Guillon L-M. (09.03.09), Chargé de mission environnement au Parc Naturel Régional d’Armorique Il me fait remarquer que le Parc a été créé en premier lieu dans le but de « promouvoir le développement économique » dans le centre Bretagne et que l’acquisition foncière n’est pas une réelle solution. L’économie de marché de ces milieux ruraux est avant tout agricole avant d’être touristique (proposition d’un développement d’agriculture environnementale ?). De nouvelles questions sont d’ailleurs soulevées concernant « l’économie de l’environnement et du paysage ». La gestion des landes peut se faire par le biais d’une valorisation agricole, (ex. mise en place d’un système d’estive sur 200ha de lande).
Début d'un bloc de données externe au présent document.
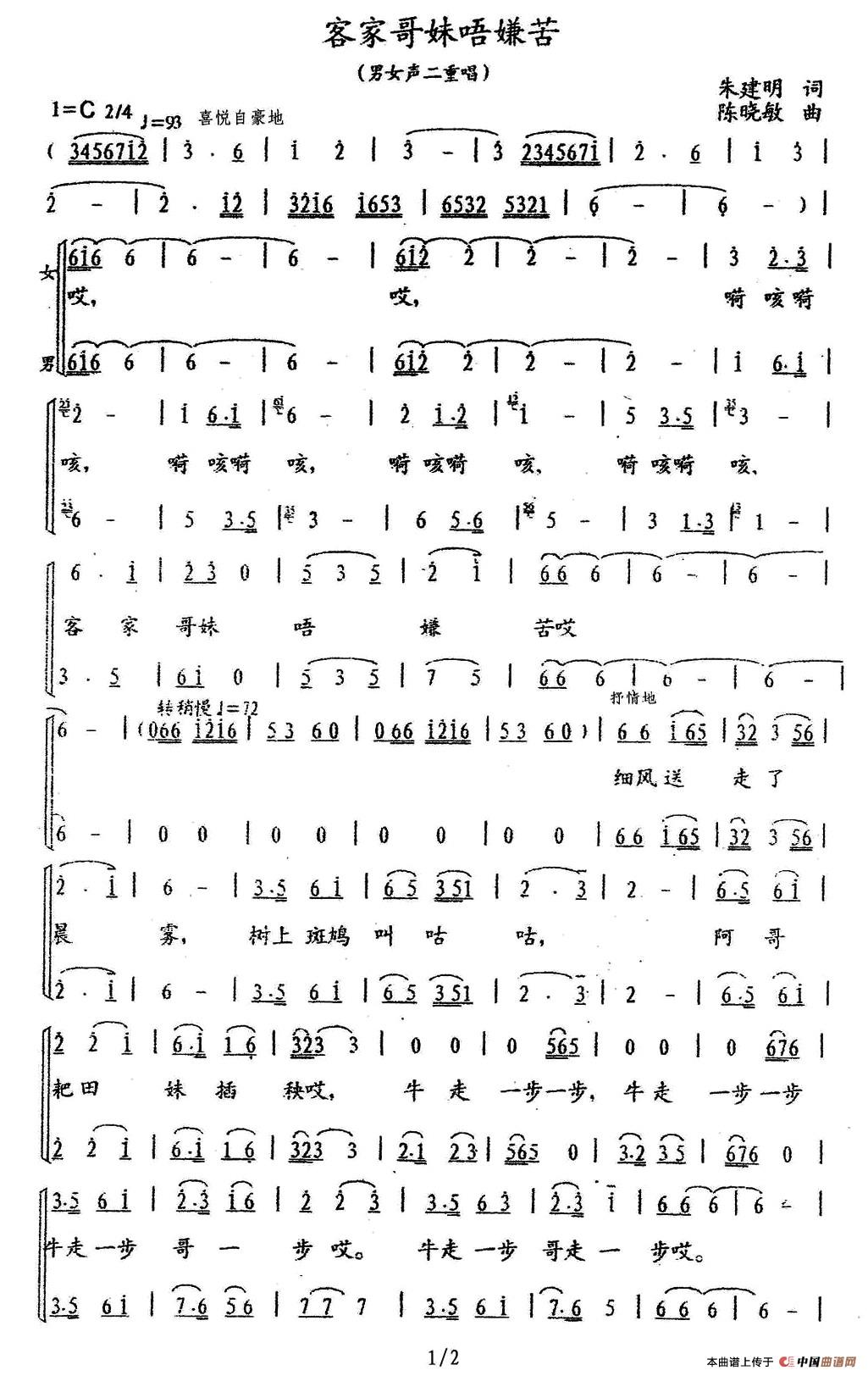 关于《客家哥妹唔嫌苦》曲谱的评论
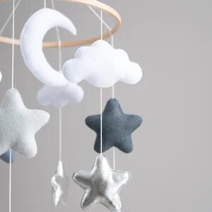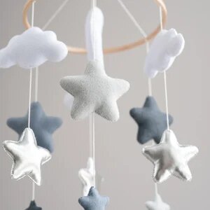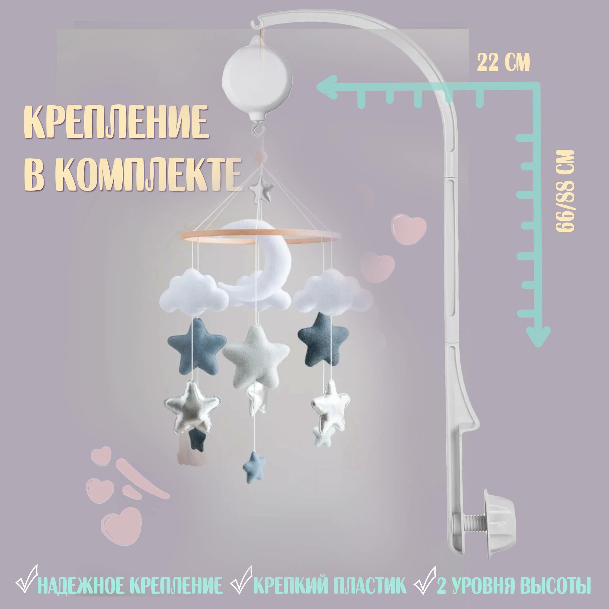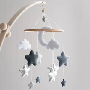 Мобиль FetroToys "Луна и Звезды", ручная работа, нейтральные цвета - для маленьких девочек и мальчиков интересное:
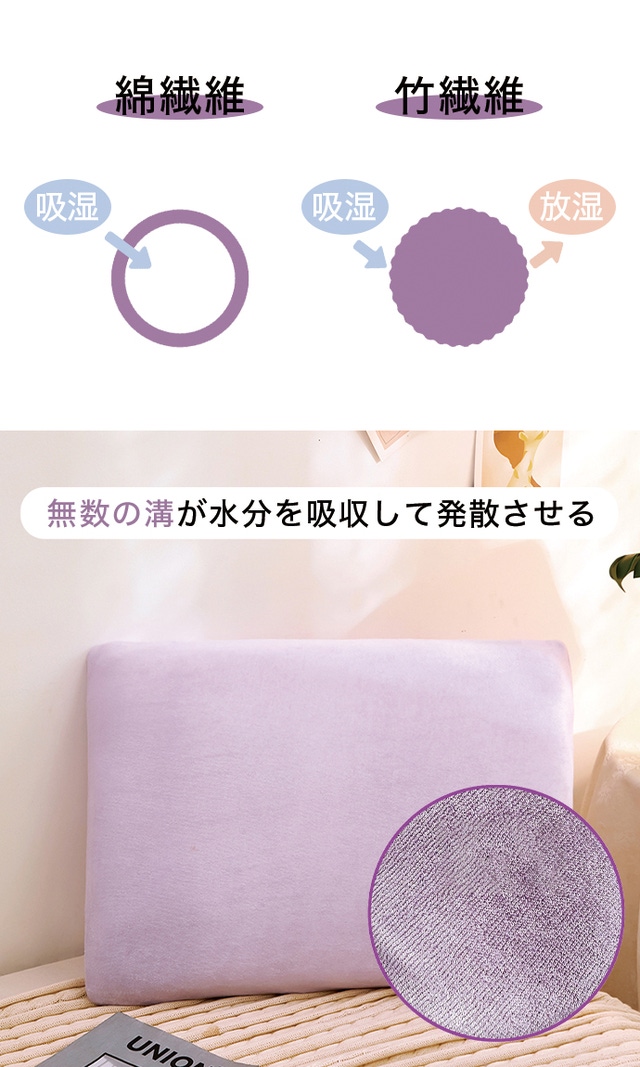 付属の枕カバーは自然の力を活かした竹繊維で作られています。
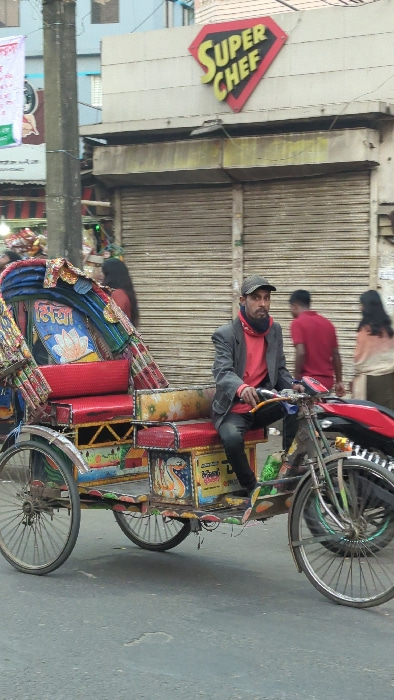 The image captures a daytime street scene in Dhaka, Bangladesh, identified by the distinctive cycle rickshaw and the "SUPER CHEF" sign, a known brand in the city. **Subjects and People:** A male rick…read more
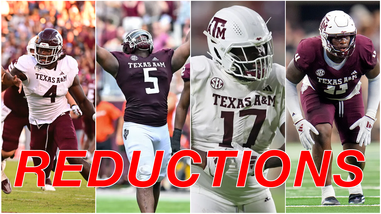 The run defense was constant for much of the year. Some teams, such as Notre Dame, Auburn, Texas, and USC, were able to run the ball consistently, but the front seven wasn’t the issue for the most part. Elko’s ability to change the front structure and use of widespread ‘reductions’ fed into the athletic D-line in College Station.
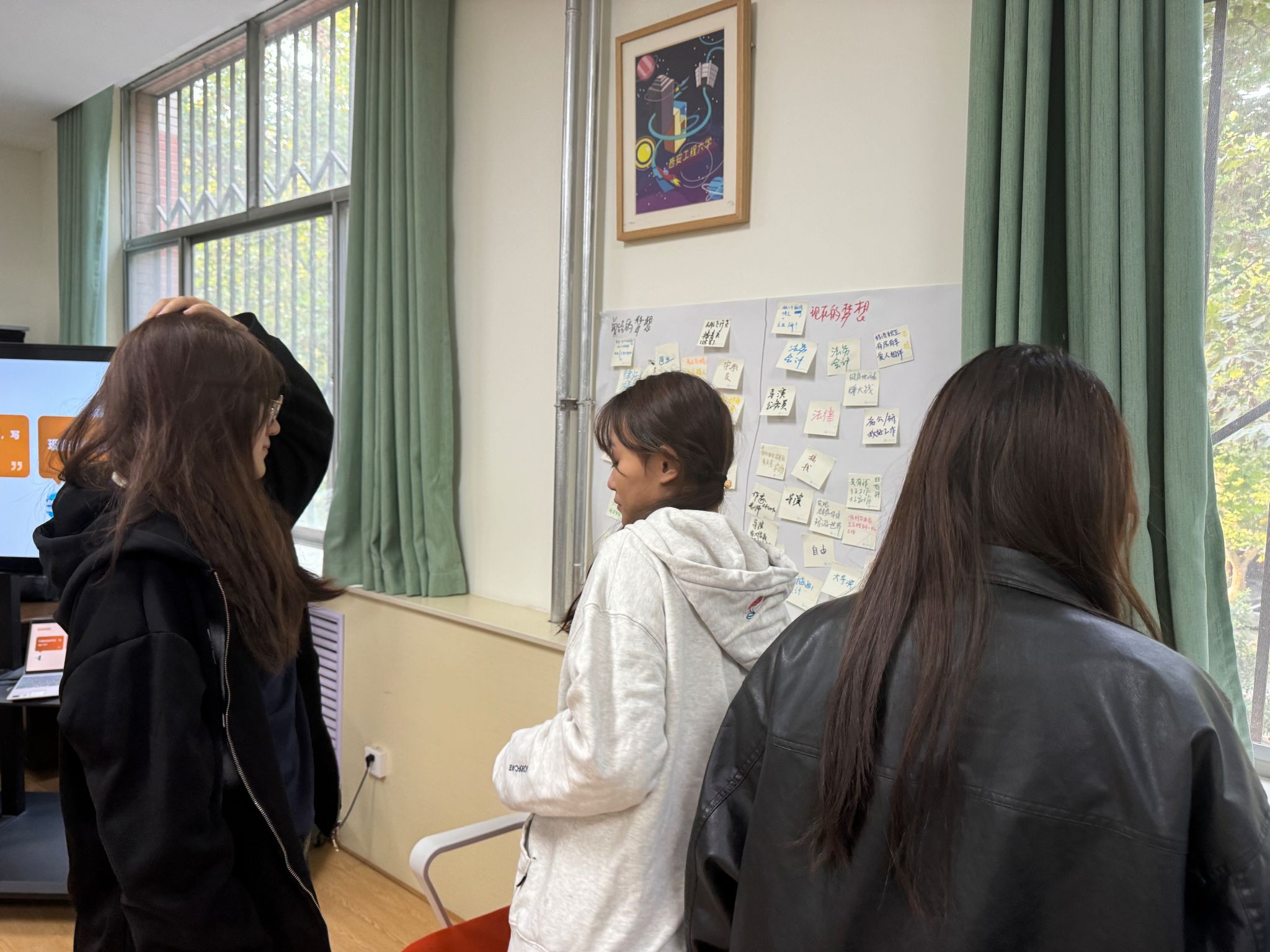 在互动环节中,刘老师通过“梦想启发”的方式,让同学们在纸上书写自己的梦想,并拿出一些带有不同梦想的工具卡牌,让同学们进行选择,并与大家一起交流每个人选择卡牌的原因和想法。随后现场进行了分组,并将各组成员的梦想连成一个故事,用画笔将受到生涯启发的想法画在纸上,通过环游世界、吃遍美食、多彩生活等生动活泼的思维启发,极大地激发了同学们对生涯规划的兴趣,增强了对学业发展的体验。

Le balisage des sentiers de randonné est entretenu par le Parc, en revanche c’est la CCYE qui gère le débroussaillage. Une volonté de la part de la commune de Botmeur a été retenue par le Parc concernant la mise en valeur des tourbières (animations…)

Caudal P-Y. (24.04.09), Technicien-aménagiste à l’ONF Les essences arborées qui poussent spontanément autour du réservoir St Michel sont le bouleau, le saule. Le frêne et l’aulne sont deux autres essences qui peuvent pousser à l’état naturel dans ce type de milieu. Le bois léger que l’on en tire sert comme bois de chauffe. Dans cette zone les plantations de feuillus sont de qualité médiocre et les résineux de moyenne qualité.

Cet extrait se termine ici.